▶ _EXERCISE REQUIREMENTS_
Leaving out all pictures, return exactly the lines from the one that contains "- За допомогою" through the end of the data below.

▶ _RECORDED DATA_
┄┄┄┄┄┄┄┄┄┄

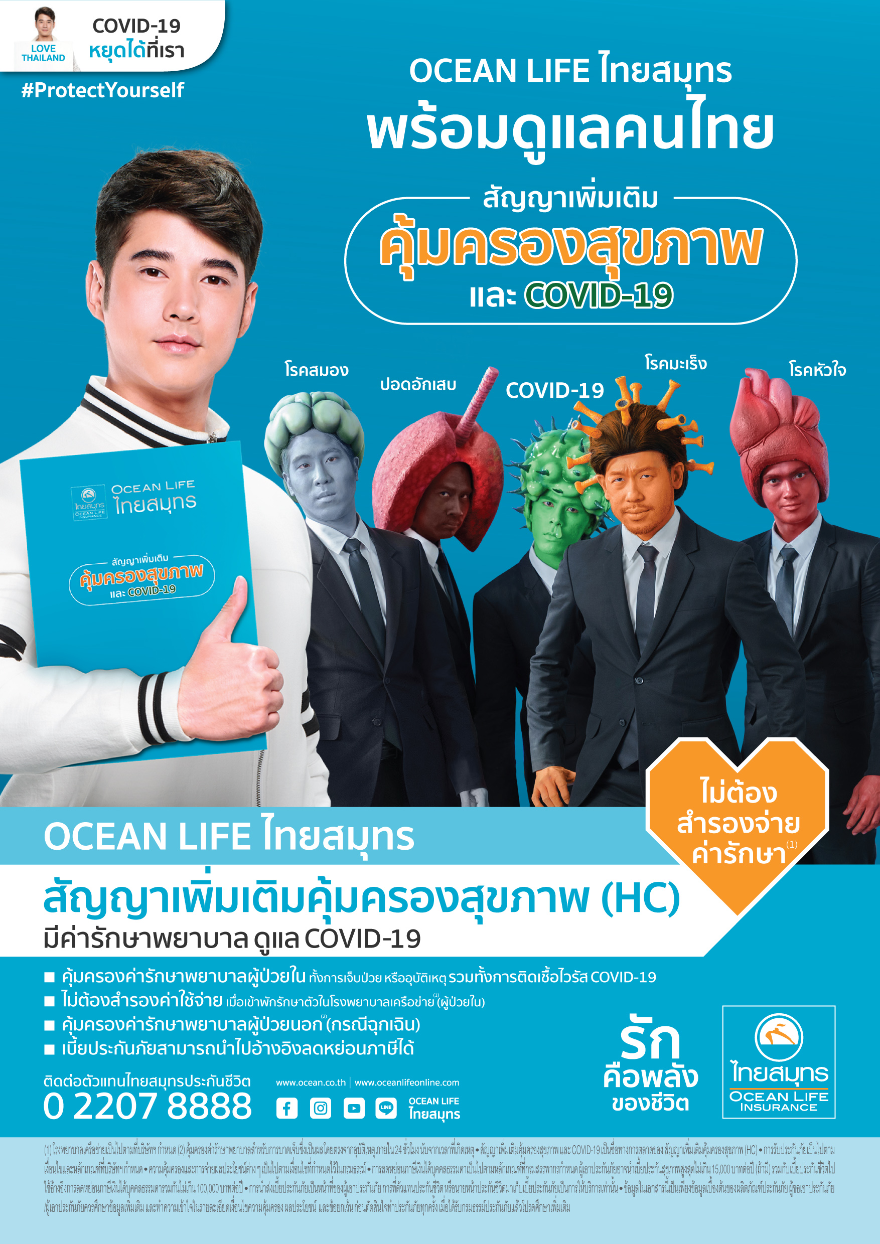 โดยให้ “มาริโอ้ เมาเร่อ” แบรนด์แอมบาสเดอร์สายรักสุขภาพ จับมือกับ “โอชิ” แบรนด์มาสคอต มานำเสนอสัญญาเพิ่มเติมคุ้มครองสุขภาพ (HC) มีค่ารักษาพยาบาล COVID-19 จาก OCEAN LIFE ไทยสมุทร เพื่อเป็นทางเลือกที่ดีกว่าสำหรับผู้ที่มองหาค่ารักษาพยาบาลทุกโรค พร้อมครอบคลุมโรค COVID-19 และเพื่อให้คนไทยหมดกังวลในเรื่องค่ารักษาพยาบาลกรณีต้องเข้าพักรักษาตัวในฐานะผู้ป่วยในที่โรงพยาบาล จากการเจ็บป่วย หรืออุบัติเหตุ รวมถึงการติดเชื้อไวรัส COVID-19 อีกทั้งยังให้ความคุ้มครองค่ารักษาพยาบาลผู้ป่วยนอกในกรณีอุบัติเหตุฉุกเฉินอีกด้วย
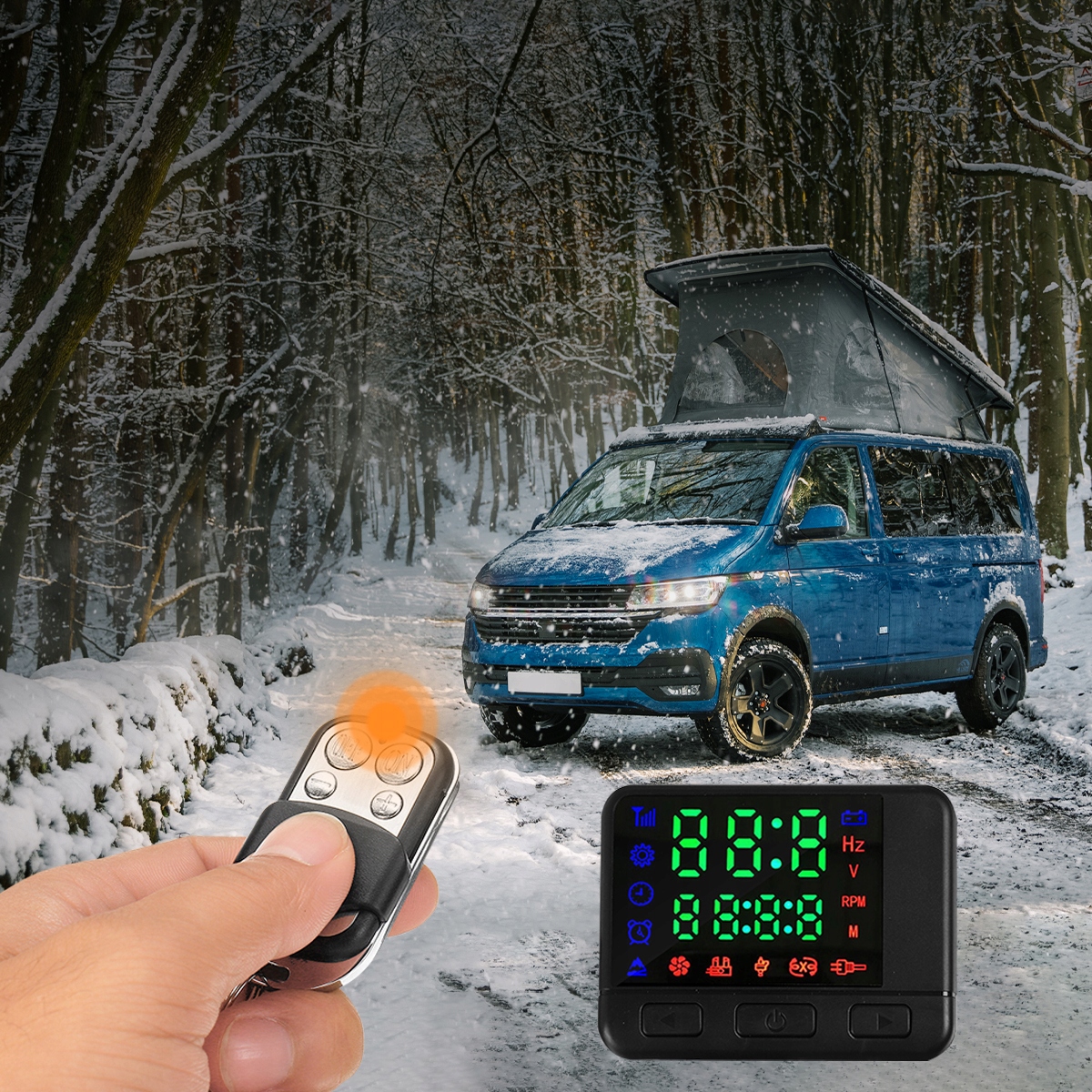- За допомогою цифрового РК-монітора ви можете чітко бачити робочий стан дизельного повітронагрівача. Крім того, перед тим, як сісти в автомобіль, ви можете скористатися функцією попереднього підігріву за допомогою пульта дистанційного керування.
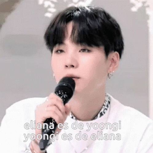 Paglalarawan ng Content: a young man is singing into a microphone with the words eliana es de yoongi yoongi es de eliana .

┄┄┄┄┄┄┄┄┄┄

▶ _ANSWER BELOW_
- За допомогою цифрового РК-монітора ви можете чітко бачити робочий стан дизельного повітронагрівача. Крім того, перед тим, як сісти в автомобіль, ви можете скористатися функцією попереднього підігріву за допомогою пульта дистанційного керування.
 Paglalarawan ng Content: a young man is singing into a microphone with the words eliana es de yoongi yoongi es de eliana .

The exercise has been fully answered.